The cover of Volume 1 of Slam Dunk.
As the title suggests, the story is about basketball. It follows Hanamichi Sakuragi and his journey alongside Shohoku High School’s basketball team to try and win the national championship. Whilst the series starts with Sakuragi only playing basketball to impress a girl named Haruko, he learns to genuinely love the sport for what it is.
Despite Volume 1 being published in 1991, the series started in October of the previous year, with a new chapter published weekly in Weekly Shōnen Jump, Shueisha’s manga magazine. The series would go on to be published up until the release of its final volume in October 1996, and across its six-year lifespan would greatly influence both the manga and basketball scene in Japan forever. But none of this would have been possible without the great mind behind it: Takehiko Inoue.
Slam Dunk’s creator, Takehiko Inoue, holding an illustration of Hanamichi Sakuragi.
In the 1990s the NBA and professional basketball in general was almost unheard of in Japan, despite it having been a sport in the country as early as 1902, and many teens in the 1980s already playing the sport for school teams. One of these teens was Inoue himself.
Inoue started playing solely to impress girls but soon fell in love with the sport (sound familiar?) and became a superfan, with his favourite team being the Los Angeles Lakers. It was this love for basketball that inspired him to create Slam Dunk. His passion can be seen throughout the story, whether through his characters that are inspired by famous basketball players like Dennis Rodman, or the fact that the series portrays the realities of the sport, its crushing lows and soaring highs.
One of the final, emotionally-loaded panels of Slam Dunk, featuring the protagonist Sakuragi on the left and team member Kaede Rukawa on the left high-fiving after the winning shot of the game. Taken from Slam Dunk, Volume 31, Chapter 276, Shohoku High School Basketball Team, p. 2.
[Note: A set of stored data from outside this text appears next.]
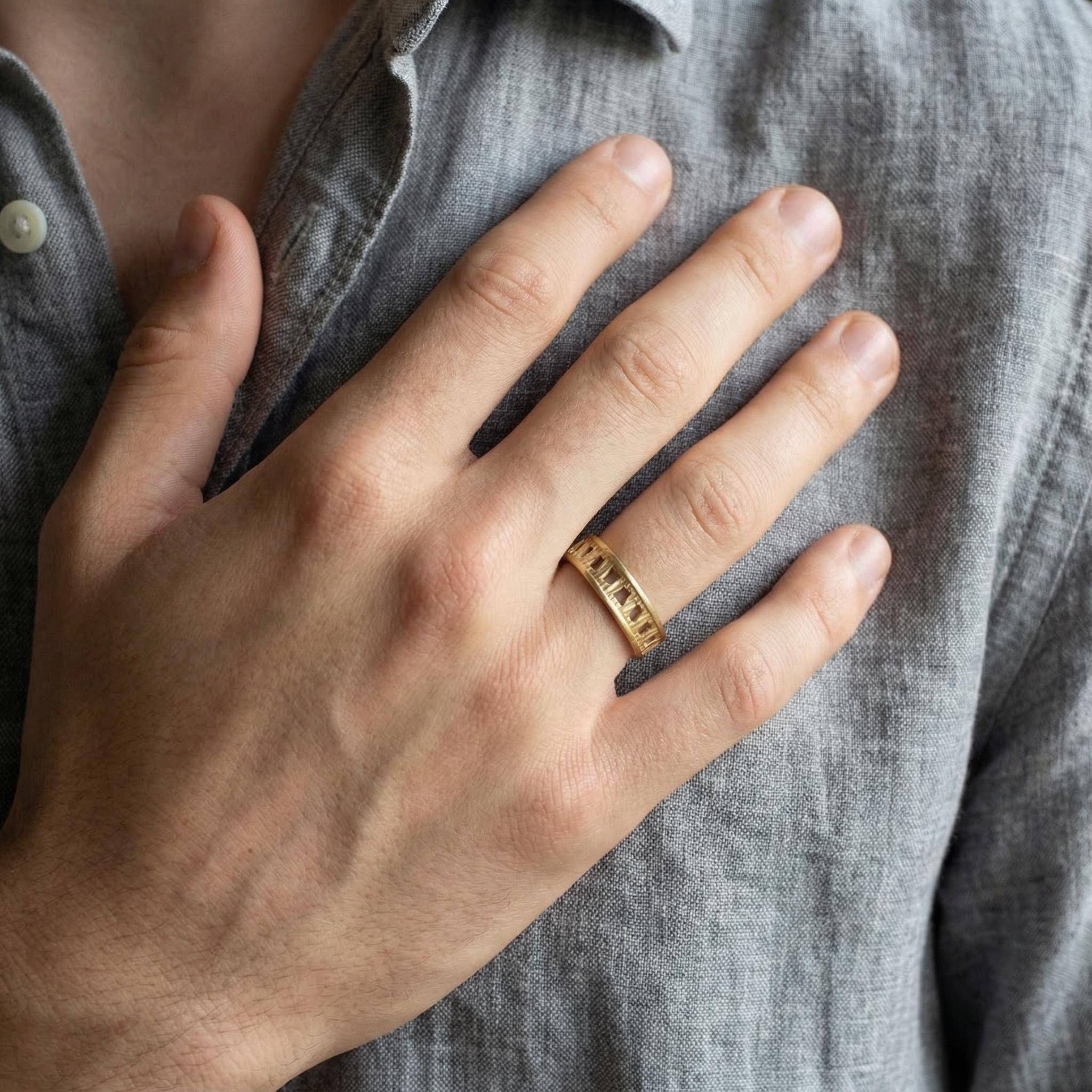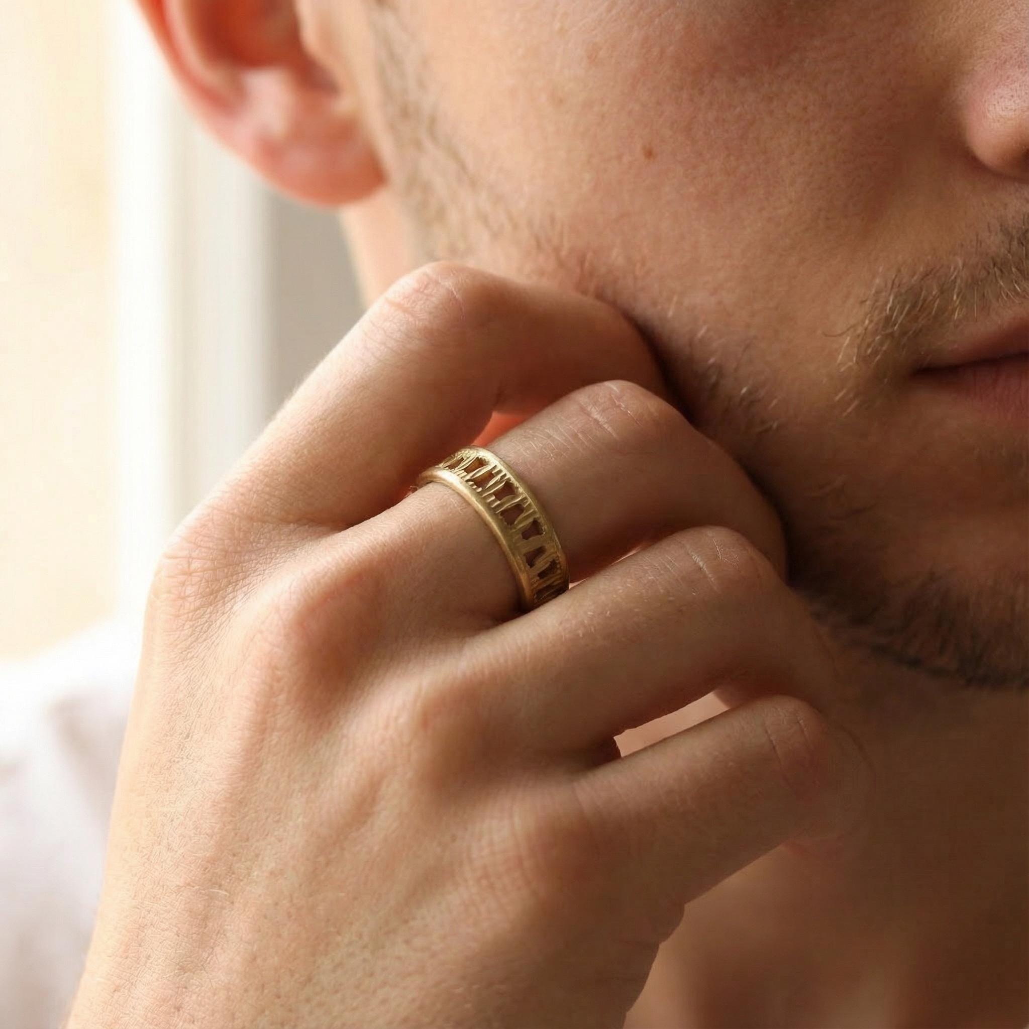 Introducing a handcrafted men’s gold geometric ring, designed with a clean openwork cut-out pattern that combines modern style with timeless craftsmanship.
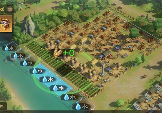 知春苑的地形特点是右方与下方富含石材资源,左下角则拥有大面积水域。根据这一分布情况,可在右下区域优先设置凿石所,用于开采石料。左下水资源附近布置田庄,保障农田供给。外围资源点覆盖完毕后,再向内部扩展建造其他功能性建筑,形成完整的生产体系。
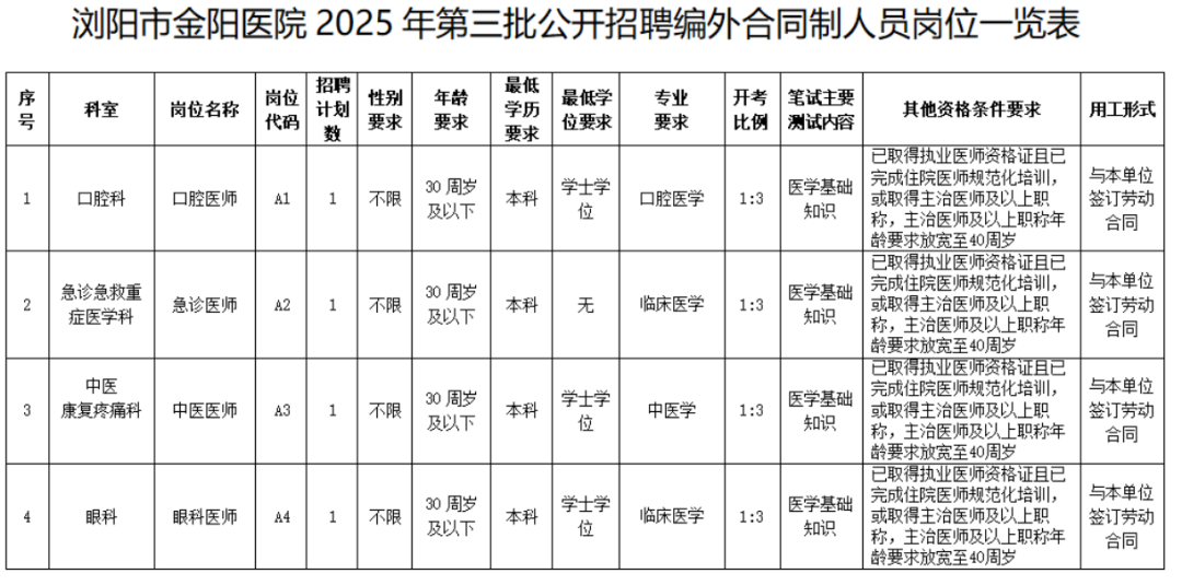 浏阳市人民医院2025年公开招聘编外合同制人员公告
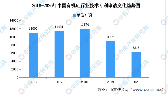 数据显示,2016-2018年我国有机硅行业技术专利申请数量稳定增加,2019年开始有所下降,2020年我国有机硅行业技术专利申请数量为6315项。
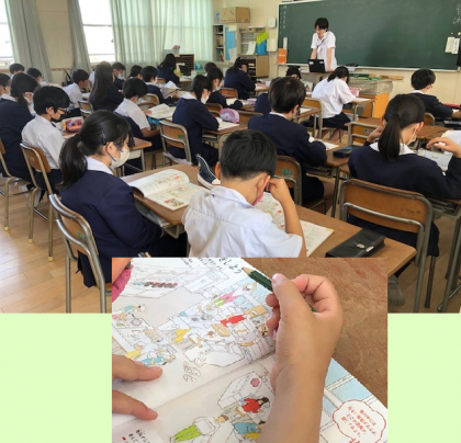 子どもたちも先生も、教科書を注意深く見ています。なんの教科でしょう。

With Weekly Shōnen Jump already having a weekly readership of over 2 million people in 1990 thanks to the popularity of other manga like Dragon Ball, Slam Dunk never struggled to find its footing. Additionally, younger readers of the manga would write to Inoue stating that the series had brought them into the world of basketball. This pushed Inoue to make the series more detailed, realistic and exciting for those who either already loved the sport as he did or had no other access to information on basketball. With the series acting as a bridge between the worlds of manga and basketball, Slam Dunk’s impact on basketball in Japan was quickly felt among the youth.
A panel featuring Sakuragi scoring. Taken from Slam Dunk, Volume 25, Chapter 224, Tensai?, p. 5.
Inoue’s push to develop basketball’s popularity in Japanese culture did not stop with Slam Dunk. He would go on to publish 2 other manga series about basketball titled Buzzer Beater and Real, and in 2006 Inoue and his publisher founded the Slam Dunk Scholarship. This would pay for a Japanese student to study in America and play for a high school team with the hopes of opening up the chances of being drafted into the NCAA (College Basketball League). Despite the sport never reaching the same popularity in Japan as in America, combined with the levels of people playing basketball in school dropping by about 200,000 after Slam Dunk finished serialisation in 1996, the series still holds an important part in public memory today.
Slam Dunk is the seventh best-selling manga of all time, with 185 million copies being sold worldwide, and is frequently regarded as one of the best sports manga to date. Various fans of Slam Dunk across the world attribute it to being their first introduction to the sport, inspiring them to start playing just as it did with the Japanese youth when it started 35 years ago. Slam Dunk undeniably popularised basketball in 1990s Japan, and even with the decline of people playing the sport after its end, the series taught it’s fans that no matter what, “the game you love will be waiting for you”.
The conclusive panel of the national championship. The back row features a range of the manga’s side characters, including Coach Anzai (second from the left). The front row features the core team, left-to-right, Kaede Rukawa, Ryota Miyagi, Takenori Akagi, Hanamichi Sakuragi, Hisashi Mitsui. Taken from Slam Dunk, Volume 31, Chapter 276, Shohoku High School Basketball Team, p. 14.
Additional Note 1: Part of the title of this article was taken from the afterword of Slam Dunk Volume 31, in which Takehiko Inoue states that, before even beginning the manga, his editor told him that ‘basketball was a taboo in this world’. This inspired Inoue to defy all odds and create a manga that truly represented the sport that he loved.
Additional Note 2: The final quote of this article was taken from Slam Dunk Chapter 276, where Sakuragi receives a letter from Haruko, promising him that once he has recovered from his injury, that ‘the game you love will be waiting for you’.